The CReSA, in addition, has been under construction since September, a factor that could facilitate the escape of pathogens, as happened in the English town of Pirbright, where damaged tuberculosis in high-security laboratories caused the escape of the foot-and-mouth disease virus in 2007. The Catalan center has a biocontainment unit of 4,500 square meters, with six biosafety level 3 laboratories, it is necessary to manage dangerous viruses like African swine fever, which is deadly to wildlife. wild boars and boars. On September 15, CReSA began land preparation works to expand the high security laboratory area by 3,000 square meters. The institution acknowledged an incident recorded during the work ―a occasional cut in the gas supply―, but assures that the tasks carried out so far have not been affected by biosecurity.
CReSA facilities were “adapted to work safely with the virus,” according to the findings of an external audit last week, coordinated by veterinarian Laura Pérez, head of biological safety at the Centro de Investigación en Sanidad Animal, another laboratory that investigates dangerous pathogens in search of new treatments and vaccines, in the Madrid municipality of Valdeolmos.

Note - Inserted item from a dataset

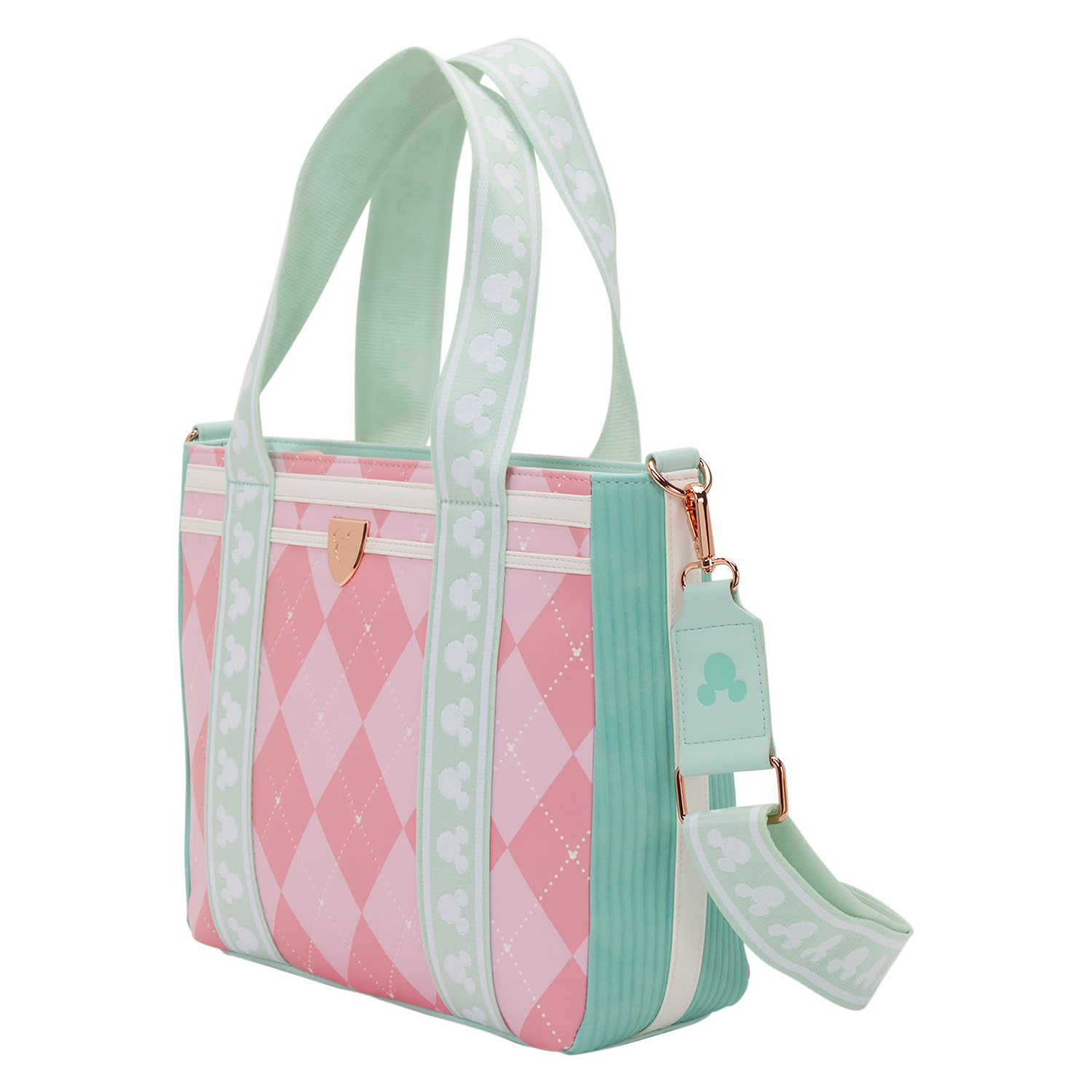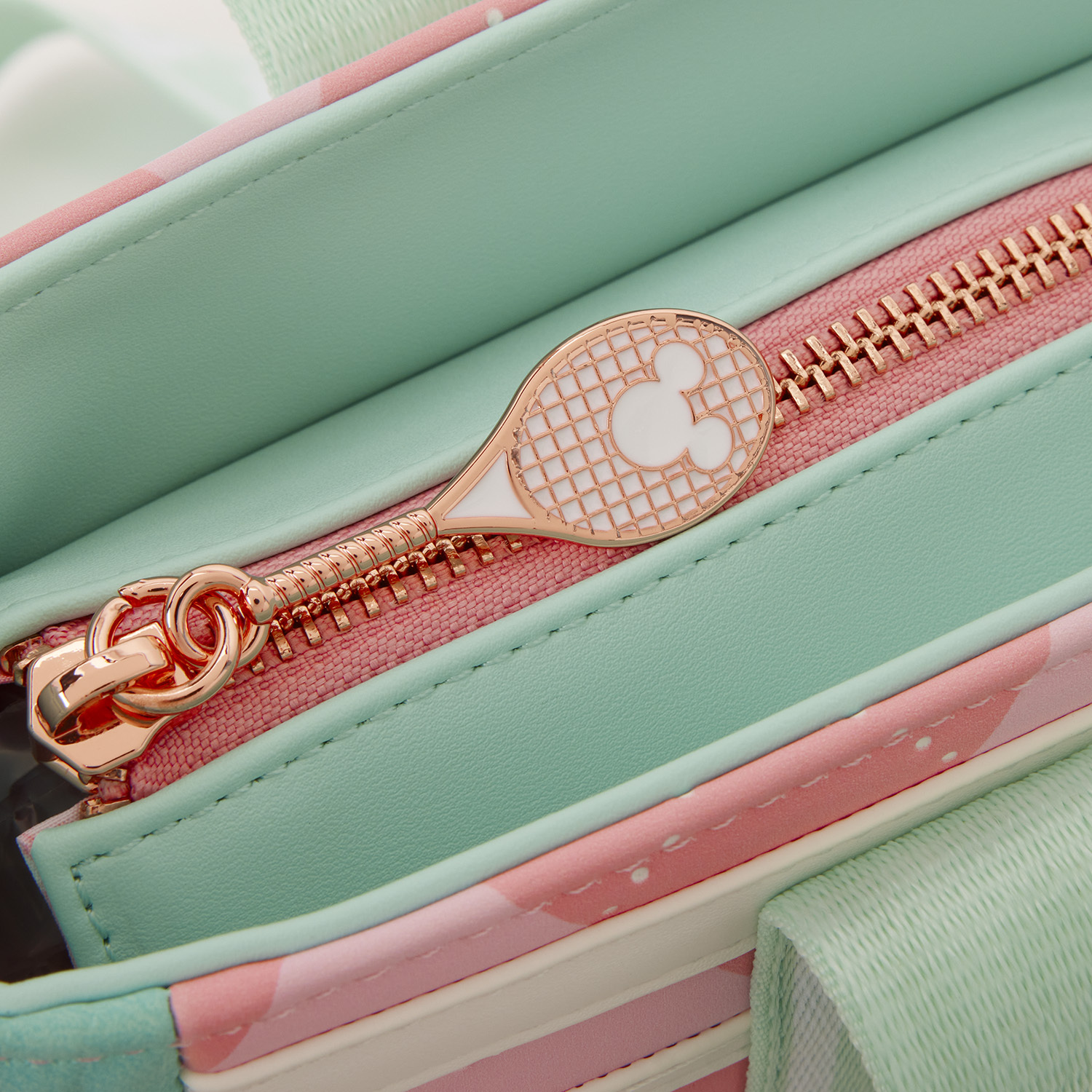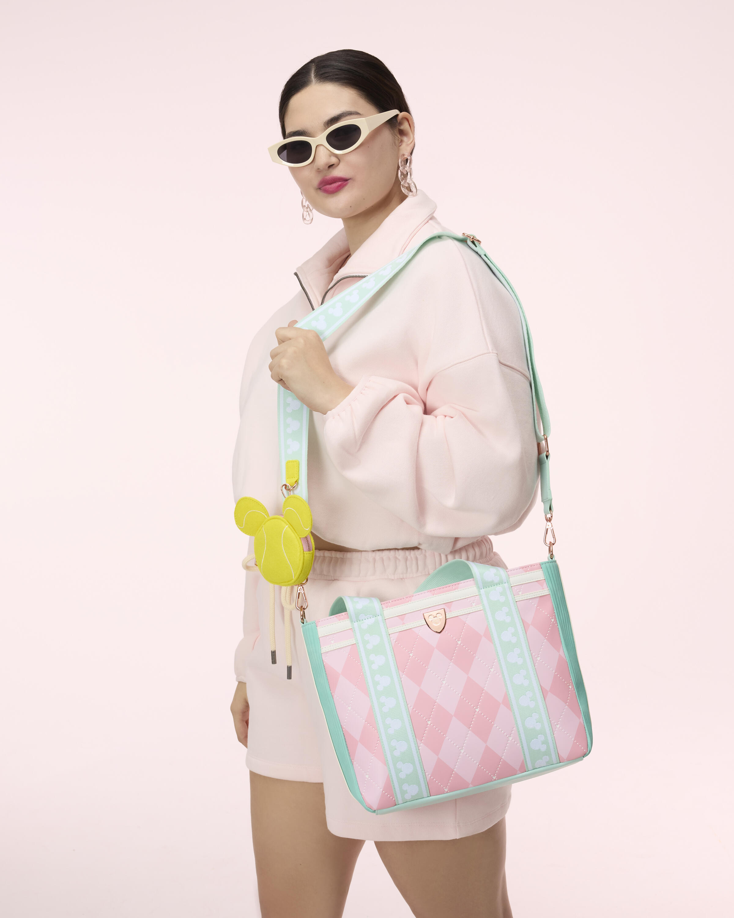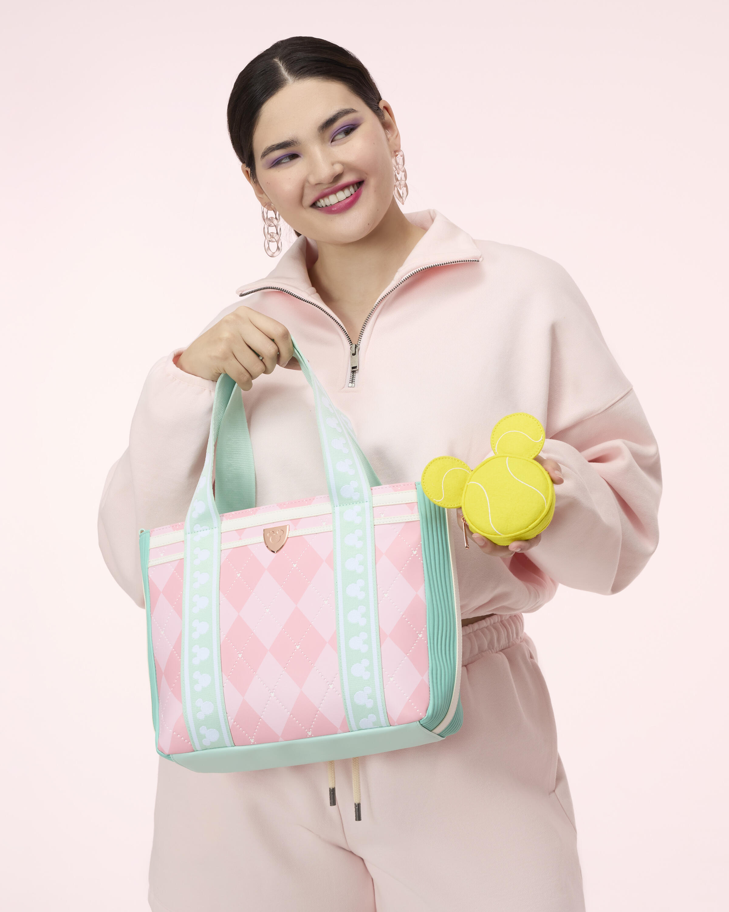 Questa adorabile borsa tote unisce lo stile Disney alla moda del tennis. Troverai un motivo a rombi rosa su questa borsa tote con un ciondolo in metallo sagomato in 3D con la silhouette Topolino al centro. Le tracolle presentano un motivo ripetuto di silhouette Topolino e il portamonete sembra una pallina da tennis a forma di silhouette di Topolino!

Certifying the cause of an epidemic is not easy, as we demonstrated in 2020 with the Covid pandemic, which killed more than seven million people. A team of three decades of scientific advisers to the World Health Organization (WHO) presented its report on June 27 on the possible origins of the coronavirus, without reaching any definitive conclusion due to the opacity of the Chinese dictatorship. “As things stand, we should not rule out any hypothesis, including zoonotic jump (from animals to humans) or escape from the laboratory,” said Ethiopian biologist Tedros Adhanom Ghebreyesus, WHO director-general. “We continue to call on China and any other country with information on the origins of Covid to share it openly, in order to protect the world from future pandemics,” he said.
The head of the CReSA biocontainment unit, virologist Xavier Abad, issued a warning on his social networks on November 14. “Accidents in laboratories or in facilities that manage existing pathogens,” he warned, regarding bacteria escaping air. Tweezer from a vaccine factory in Lanzhou (China), which caused more than 10,000 cases of brucellosis among nearby residents in 2019. A little more than 10 days after this alert from Abad, the first infected wild boar appeared a few meters from the laboratory where the virus was tested. The work of forestry scientists, soldiers, police and other officials has succeeded in producing, for the moment, soils affecting 29 wild boars in the original intervention area, without moving on to pig farms.
China lost almost 1% of its gross domestic product following an epidemic in 2018: around 100 billion euros, according to a calculation by economists at Wuhan University. Confirmation of a CReSA virus escape would lead to demands for compensation worth millions of dollars from the Spanish pork sector, which exports around 9 billion euros each year.